[Web-SIG] serving (potentially large) files through wsgi?

Graham Dumpleton graham.dumpleton at gmail.com
Wed Dec 19 02:36:56 CET 2007

Where does setting up 'logging' module configuration fall in all of
this and who/what should handle it?

I ask as I note that in the documentation for Pylons logging it says:

"""paster, when loading an application via the paster serve, shell or
setup-app commands, calls the logging.fileConfig function on that
specified ini file if it contains a 'loggers' entry.
logging.fileConfig reads the logging configuration from a ConfigParser

So, the paster serve is doing special setup for Pylons WSGI
components. Without knowing this magic is required, when you take a
Pylons WSGI component to another WSGI server, the logging doesn't work
as expected.
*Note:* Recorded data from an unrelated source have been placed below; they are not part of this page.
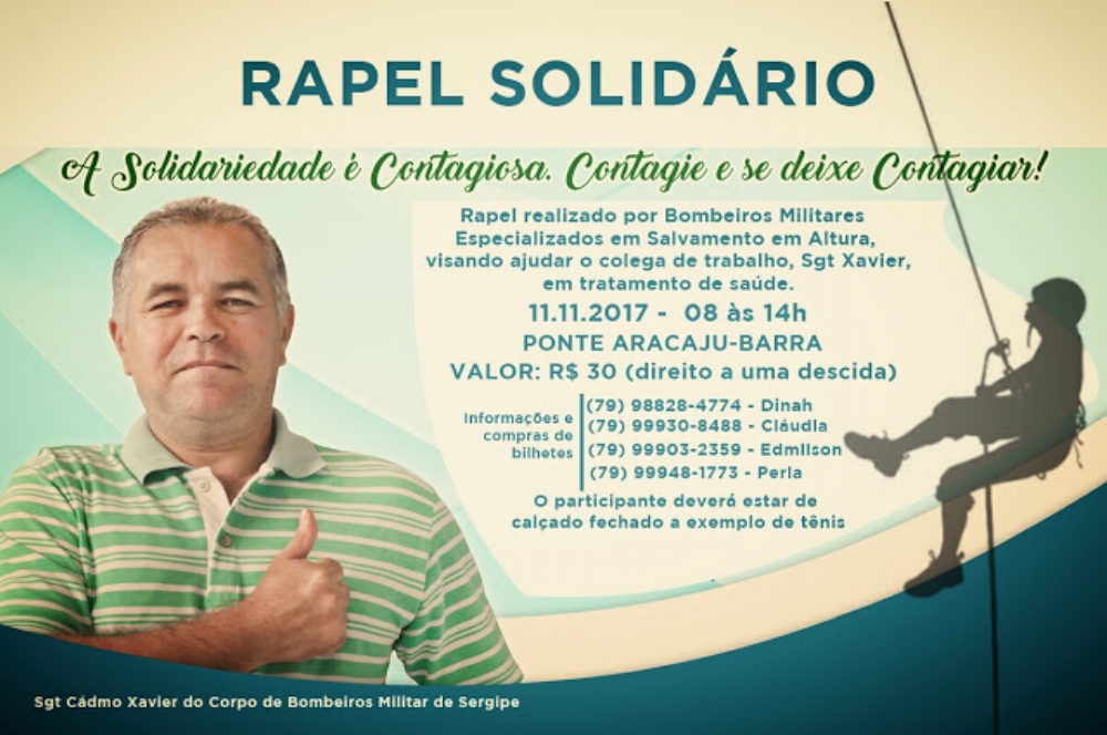 Participem do rapel solidário em prol do Sargento Xavier, visando ajudá-lo em seu tratamento de saúde. Além da causa, que é solidária, a galera que vai estar dando suporte, orientando os participantes, são os melhores do estado no salvamento em altura do corpo de bombeiros, bem como, terá a possibilidade de praticar este esporte que nos desafia a enfrentar nossos medos e desenvolver a auto confiança!…
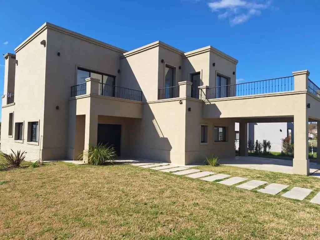 Casa desarrollada en dos planta con amplia vista a la laguna del barrio, uno de los mejores lotes que ofrece los más lindos atardeceres.
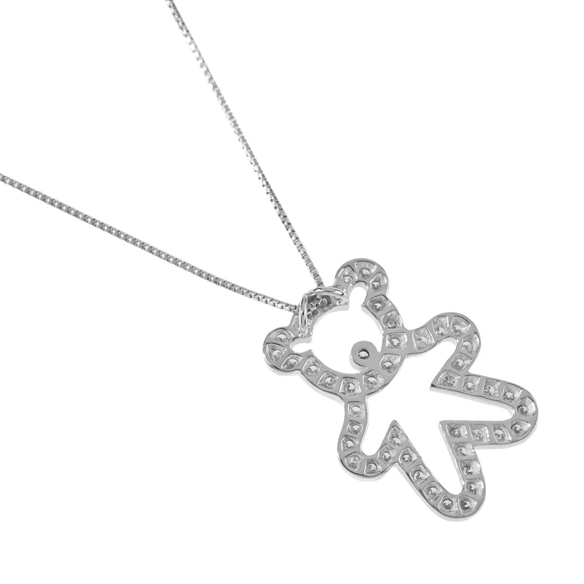 きらめくダイヤモンドラインで描かれた、オープンワークのクマが煌めくホワイトゴールド製ペンダント。大人可愛い遊び心にあふれた愛らしい個性を感じるペンダントが、スタイリングを印象的に飾ります。デイリーのカジュアルからワーキングスタイルまで、どんなスタイリングにもダイヤモンドのきらめきを添えてくれる、トレンド感あるダイヤモンドジュエリーです。
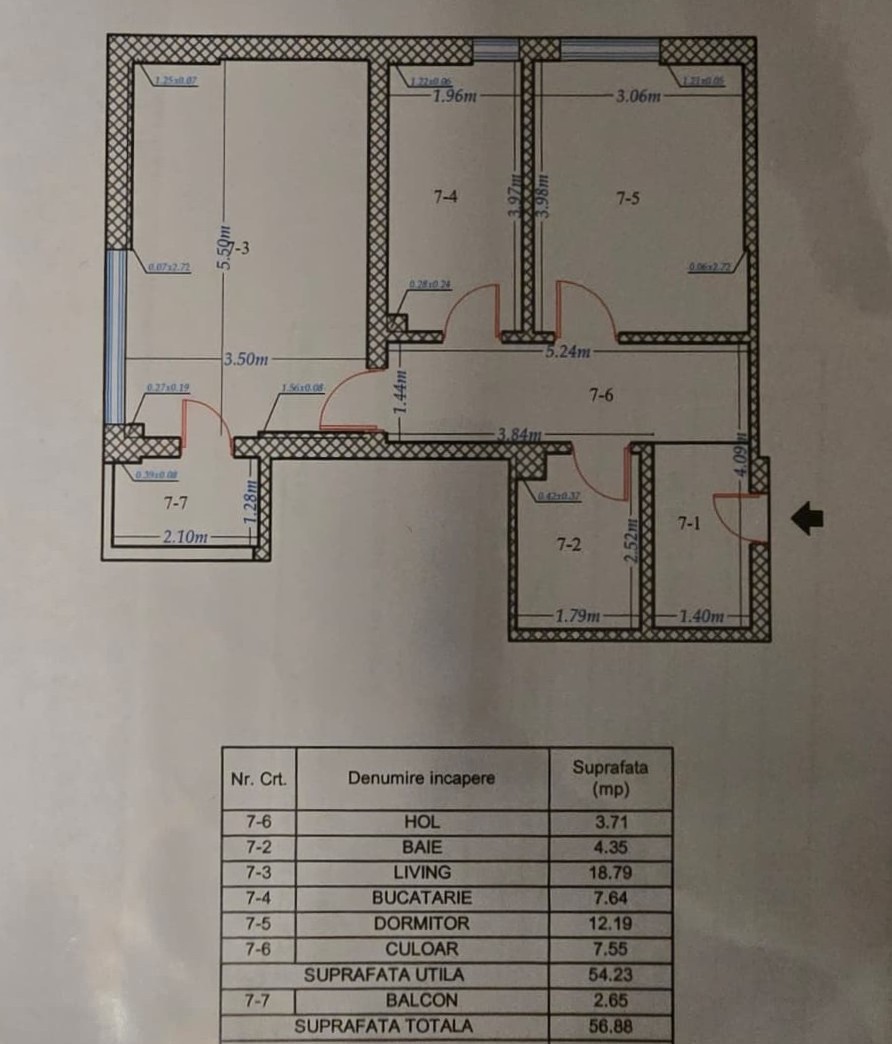 • Suprafata apartament: 54.23 mp utili (+ balcon de 2,65 mp).
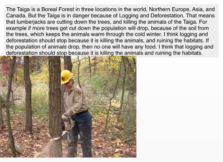 The Taiga is a Boreal Forest in three locations in the world, Northern Europe, Asia, and Canada. But the Taiga is in danger because of Logging and Deforestation. That means that lumberjacks are cutting down the trees, and killing the animals of the Taiga. For example if more trees get cut down the population will drop, because of the soil from the trees, which keeps the animals warm through the cold winter. I think logging and deforestation should stop because it is killing the animals, and ruining the habitats. If the population of animals drop, then no one will have any food. I think that logging and deforestation should stop because it is killing the animals and ruining the habitats.

To get it to work one has to duplicate the special things
that paster serve is doing in some way.


On 19/12/2007, Ian Bicking <ianb at colorstudy.com> wrote:
> Manlio Perillo wrote:
> > Phillip J. Eby ha scritto:
> >> At 09:06 PM 12/17/2007 +0100, Manlio Perillo wrote:
> >>> Phillip J. Eby ha scritto:
> >>>> This is precisely why WSGI doesn't really have any "configuration"
> >>>> defined, because the whole idea is that it should be as
> >>>> "plug-and-play" as possible.  Server-level configuration options are
> >>>> a liability to be avoided, a sometimes-necessary evil.  They aren't
> >>>> a feature.
> >>>
> >>> Disagree.
> >>
> >> Note that your disagreement doesn't retroactively change WSGI's design
> >> goals or rationale,
> >
> >
> > I disagree with your "Server-level configuration options are a liability
> > to be avoided, a sometimes-necessary evil" phrase.
> >
> > But now I'm not sure of what do you mean by "configuration".
> I think there might still be some confusion about configuration.  I'll
> offer my take:
> There's generally two valid kinds of configuration -- the server's
> configuration (host, port, ssl, etc), and the application configuration
> (database connection parameters, maybe some theming options, etc).
> Obviously server configuration goes in Nginx.
> If you put both of these in Nginx, I think that's fine.  That is, if you
> allow people to create WSGI applications through Nginx, providing
> information to the application like database connection information,
> then that's totally fine.  There's no standard WSGI way to do that; the
> only thing approaching a standard for that is Paste Deploy's interfaces
> (which I'm sure would be possible to support in Nginx -- they are
> interfaces, not an implementation:
> http://pythonpaste.org/deploy/#defining-factories).
> Another kind of "configuration" is configuring the application
> implementation with respect to its framework.  This is where you might
> choose your template language, or a default charset/encoding.  This is
> where you might choose whether to let the framework handle range
> requests.  This is not actually configuration in my opinion, but it is
> frequently called configuration.  I think it's simply "programming".  It
> has nothing to do with WSGI, and must be fully encapsulated in a WSGI
> application.  People deploying the application should not encounter any
> of these options.
> The range stuff apparently is not really an issue of this, as Nginx is
> acting reasonably and obeying the restrictions of HTTP, which in turn
> satisfies WSGI.  If Nginx was rewriting partial responses to be...
> doubly partial or something like that, that would really just be a bug.
>   These kinds of bugs exist and are sometimes excused as being
> "configuration".  But when one configuration setting is valid and
> another is simply invalid, the bug is having that configuration setting
> at all.  But at least this case doesn't seem to be an issue; hopefully
> other issues that might be similar will be resolved in Nginx.  You
> should never have to have Nginx-specific notes about deploying a WSGI
> application (except perhaps if you want to provide helpful notes about
> how to supply the real configuration in an Nginx configuration file).